In celebration of teachers, Arts Impact is starting a new series featuring the amazing educators leading arts-infused learning in their classrooms through participation in our programs.
Sarah Lane, Franklin Elementary (Tacoma Public Schools), 2nd grade
“One of my favorite experiences so far this year has been the class receiving the generously donated art supplies. The children were so excited for their very own art materials to take home. They were amazed that these were for them– that they are valued and deserve their own sketchbook, paints… These art materials have become their prized possessions at home, and they are not only being used for our integrated arts lessons (which the kids love, look forward to, and are fully engaged with!), but they are using them to support their own self-initiated arts experiences at home that may not otherwise have been accessible to them.”
How/When did you get started teaching or become interested in becoming an educator?
I was in my second year of college when I officially started my path in education. I had grown up with a family of educators and had seen firsthand the impact of educators and the implications of a high-quality education. I wanted to especially work with populations in high-demand for teachers, having seen the impact of a lack of qualified teachers in rural Appalachia. I had seen my family pour all they had into the children of Ohio, West Virginia, and I wanted to do that, too. I have worked with students in rural areas, working in Ohio, and then Oklahoma, and then life events brought my husband & I out to Washington, and I have now immersed myself in working within the urban community of Tacoma since the beginning of 2018. I care deeply for the families and children of my neighborhood and the city.
What made you decide to work with Arts Impact, and how has it gone so far?
I was still a bit new to Tacoma when my principal shared the Arts Impact opportunity with our staff. I was amazed at the opportunity to have a full week of arts learning for teachers and an immersive mentorship, benefiting both teachers and students. I had been worried about arts integration in education, and the continuing support of art in schools, and so I was excited to jump in the program to learn how I could personally make a difference. It has gone very well, as I am in my 2nd year of the program. I have gained even more confidence and motivation to support art in school, both as a teacher teaching with arts-integration and as an advocate for all children to have these experiences.
Do you have a background in the arts?
Nothing professional, but all I have are fond memories of growing up in an arts-supporting home. I grew up playing piano and later, clarinet & guitar. I had been involved in school-based vocal, instrumental, and performing arts, and know firsthand how that made a positive impact on me as a student and my life. And some of my favorite memories growing up were painting and fabric arts with my grandma, who had dreamed of being an art teacher, but got swept into the needs of World War 2 and raising a family post-war. I continue arts as a hobby in my free time.
What do you think arts-infused learning brings to your classroom or your teaching?
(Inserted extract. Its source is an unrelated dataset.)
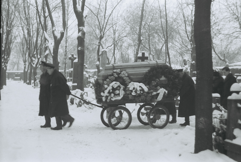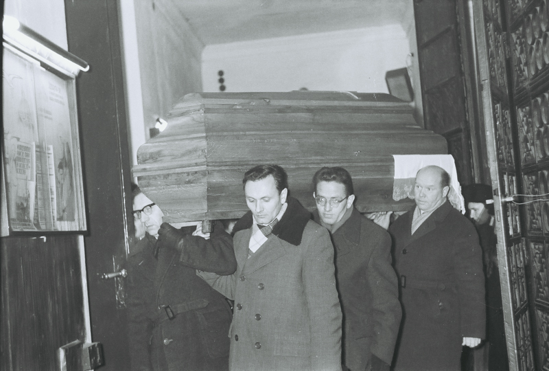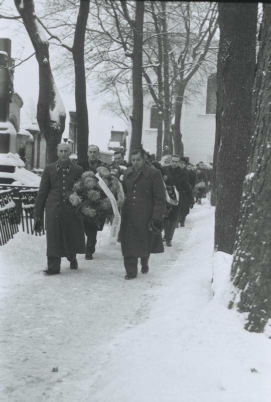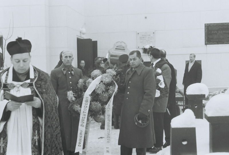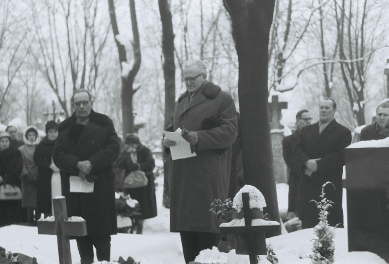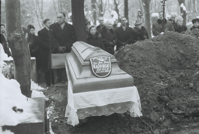Pogrzeb profesora Jana Jerzego Karpińskiego na warszawskich Powązkach. Z wieńcem przed kościołem delegacja Białowieskiego Parku Narodowego – z lewej Trofim Damianiuk, z prawej – Piotr Pilucik (strażnik z OHŻ). Nad grobem przemawia Tadeusz Molenda – podsekretarz stanu w MLiPD. Trumnę niosą – Stanisław Dunikowski, Tytus Karlikowski, Wiktor Brodzikowski – 19 listopada 1965 roku.

Children are masterful at play and creativity, and arts-infusion deepens learning as they tap into ways of expression that bring joy and confidence. As a teacher, I know the children will be engaged and have deeper connections to learning and cross-disciplinary understandings.
How have you integrated the arts during remote learning?
It is incredible how much can be done even remotely. Our Arts Impact learning over the summer modeled ways to integrate- using cameras to show arts processes and still build an arts-based class community. My class has been involved in music, expression through movement, dance, and theater, in live online Teams meetings, and also, with the wonderful mentorship of Carol Gould, integrated visual arts. My 2nd graders have enjoyed the integration of geometry with visual arts, learning how to use art materials like watercolors and use texts and artist examples for inspiration. In January my students will be working on a cityscape that integrates their geometry and visual arts knowledge.
What’s something you think our community should know (but maybe doesn’t) about your students, your community, your teaching.
These children are willing and motivated arts learners, and so are teachers! I feel that so often supply limitations and lack of confidence inhibits these experiences. Through Arts Impact, my students received personal materials that helped make our arts-infused remote learning possible. But also, the learning and confidence I have gained as an educator has been great. It is one thing to tell teachers to integrate art; it is another to provide the learning and resources to make it really possible!
Is there anything else you’d like to share?
I am deeply appreciative of those who give and support the Arts Impact mission and its teachers. The impact multiplies as these young minds foster a love and appreciation for the arts.